### ACTION ITEM:
An exact copy is required of every line from the one with "Альстромерия – 4" through the end of the data below, and the pictures must stay out of it.

### GIVEN MATERIAL:
===============
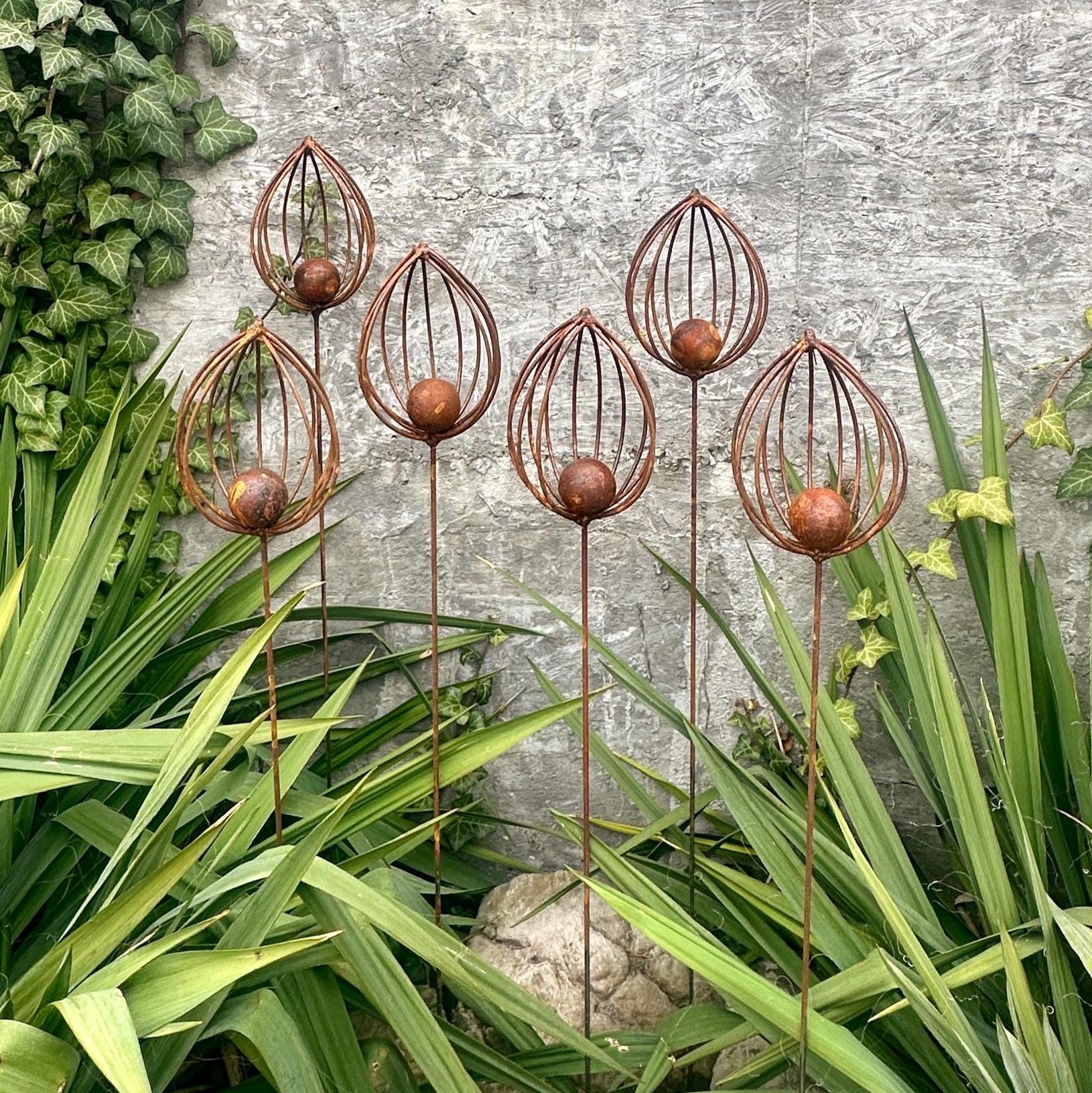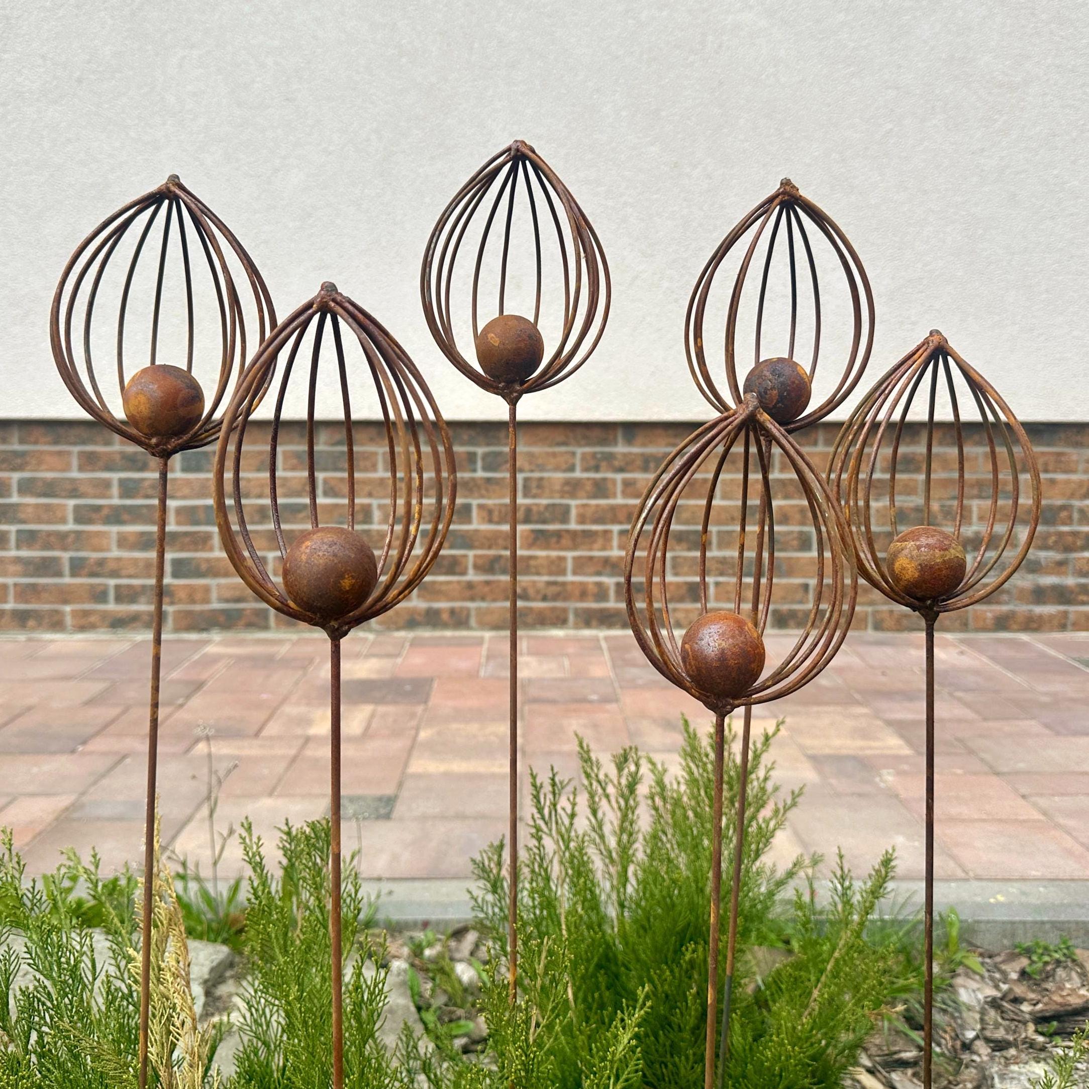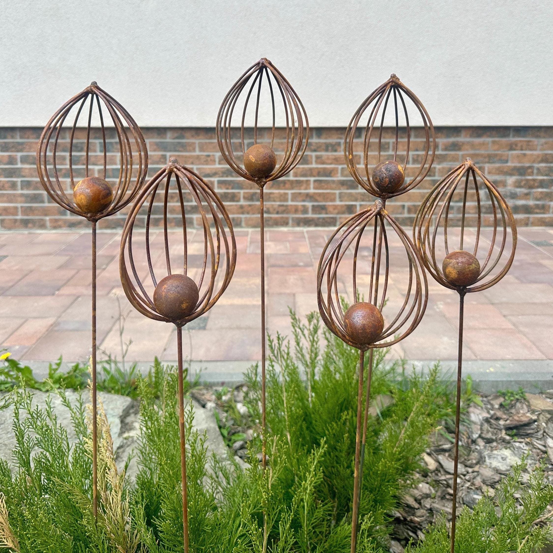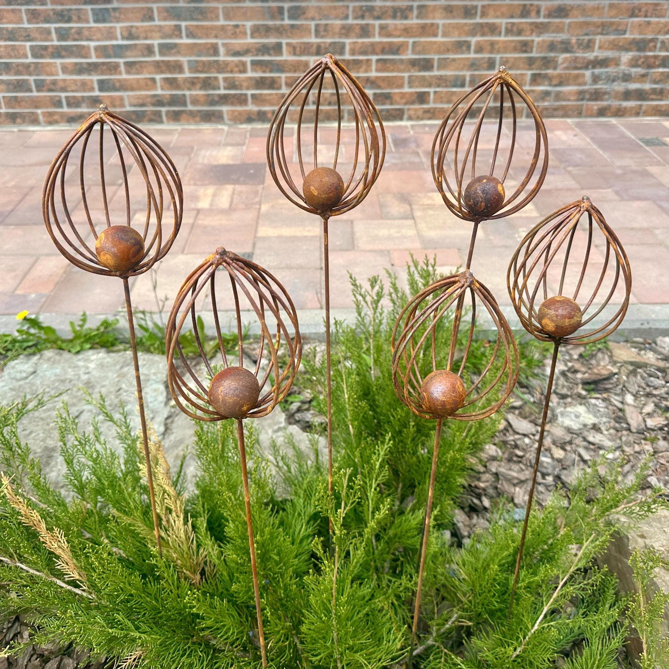 Elevate your garden with the timeless charm of this handcrafted set of six rustic metal finials. Each piece brings a warm, artistic accent to outdoor landscapes—perfect for flower beds, garden paths, planters, or even your front entrance. Their sculptural presence adds a romantic touch and natural elegance to any setting.
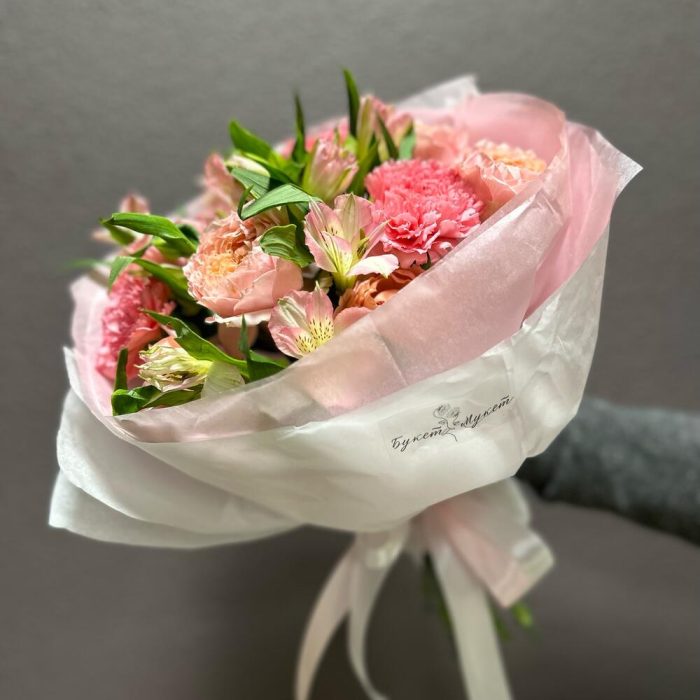 Альстромерия – 4 шт.Лента атласная – 2 шт.Тишью – 4 шт.Диантус – 3 шт.джульетта роза пионовидная – 2 шт.
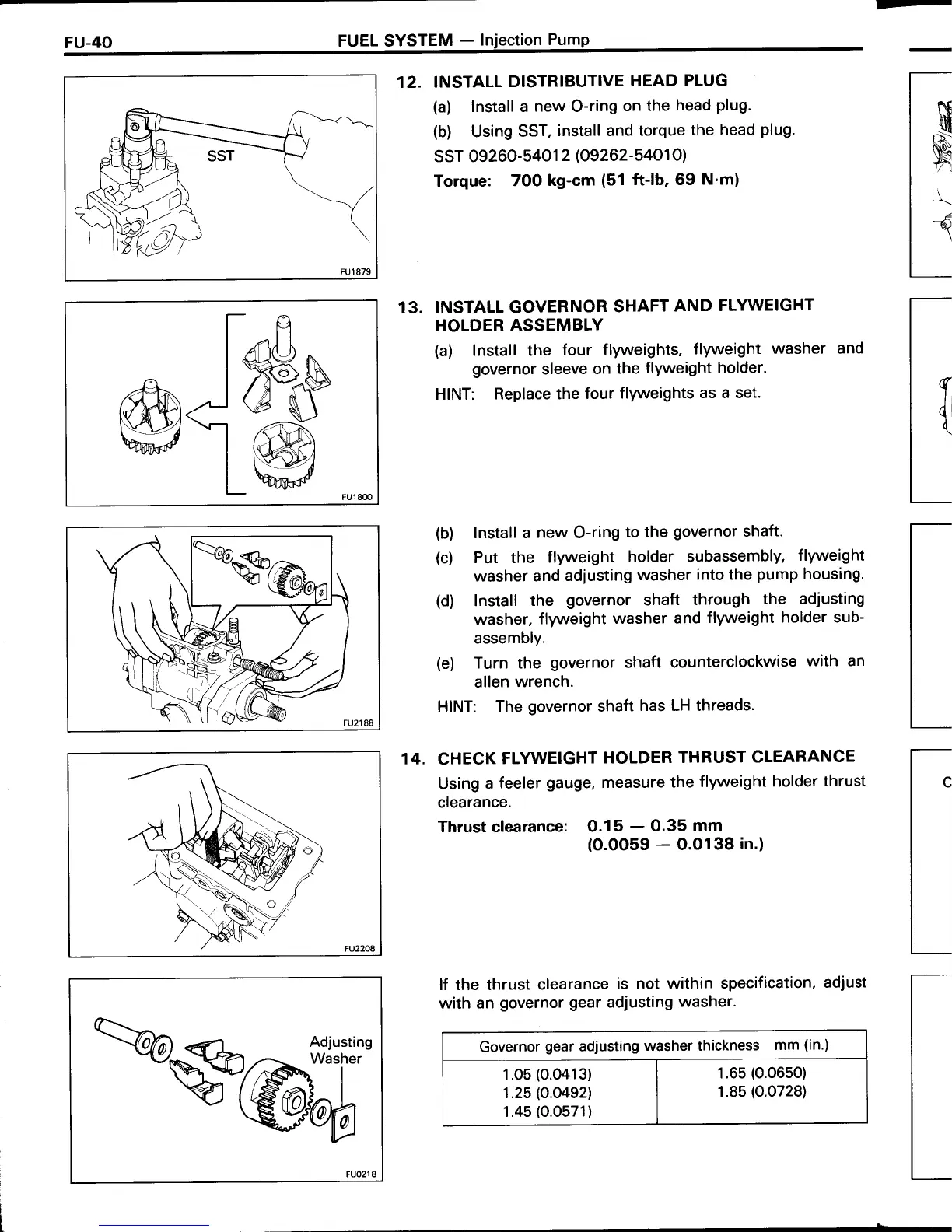 Toyota B - Check Flyweight Holder Thrust Clearance; Install Distributive Head Plug; Install Governor Shaft and Flyweight Holder Assembly
===============
### ANSWER FOR THE TASK:
 Альстромерия – 4 шт.Лента атласная – 2 шт.Тишью – 4 шт.Диантус – 3 шт.джульетта роза пионовидная – 2 шт.
 Toyota B - Check Flyweight Holder Thrust Clearance; Install Distributive Head Plug; Install Governor Shaft and Flyweight Holder Assembly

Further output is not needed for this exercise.